Command to anonymize sensitive data. This app helps you anonymize data in a database used for development of a Django project.
This app is based on Django-Database-Anonymizer, using Faker to anonymize the values.
Install using pip:
pip install django-hattori
Then add 'hattori'
to your INSTALLED_APPS
.
INSTALLED_APPS = [
...
'hattori',
]
You should only run the anonymize process in PRE or development environments. To avoid problems by default anonymization is disabled.

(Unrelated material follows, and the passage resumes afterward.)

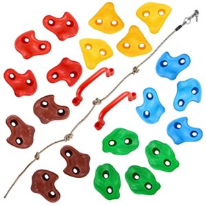 TOPNEW 20 PCS Rock Climbing Holds for Kids, Rock Wall Holds with 9.8 Ft Climbing Rope and 2 Handles, Rock Wall Climbing Kit for Indoor and Outdoor Playset – Includes 2 Inch Mounting Hardware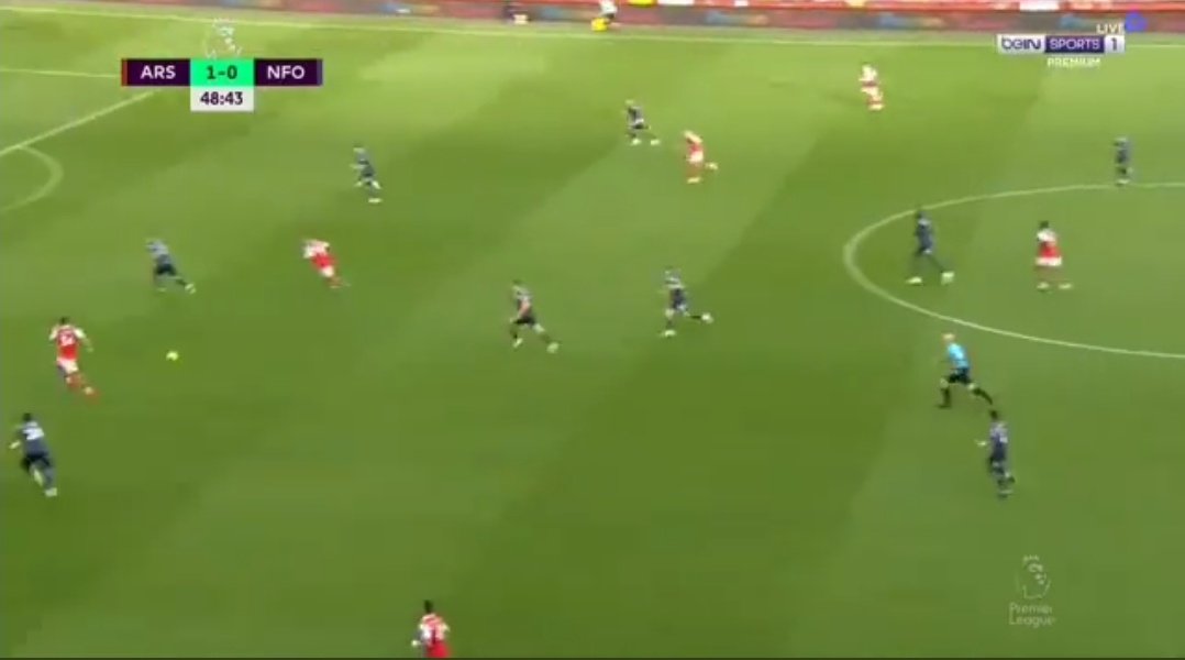 ليه ممكن على اليمين نلعب بظهير بيطلع و يساهم و يكون overlapping و ليه الكلام دا مش حيظبط في الجهة اليسار .. الإجابة بإختصار هو دور تشاكا في إستغلال أنصاف المساحات و التقدم بشكل مبالغ فيه بطلب من ارتيتا ( في الحالة دي صعب جداً يكون عندك ظهير ايسر تقليدي بيمسك الخط )

To enable you must add to settings ANONYMIZE_ENABLED=True
How to execute command:
./manage.py anonymize_db
Possible arguments:
-a, --app
: Define a app you want to anonymize. All anonymizers in this app will be run. Eg.anonymize_db -a shop
-m, --models
: List of models you want to anonymize. Eg.anonymize_db -m Customer,Product
-b, --batch-size
: batch size used in the bulk_update of the instances. Depends on the DB machine, default use 500.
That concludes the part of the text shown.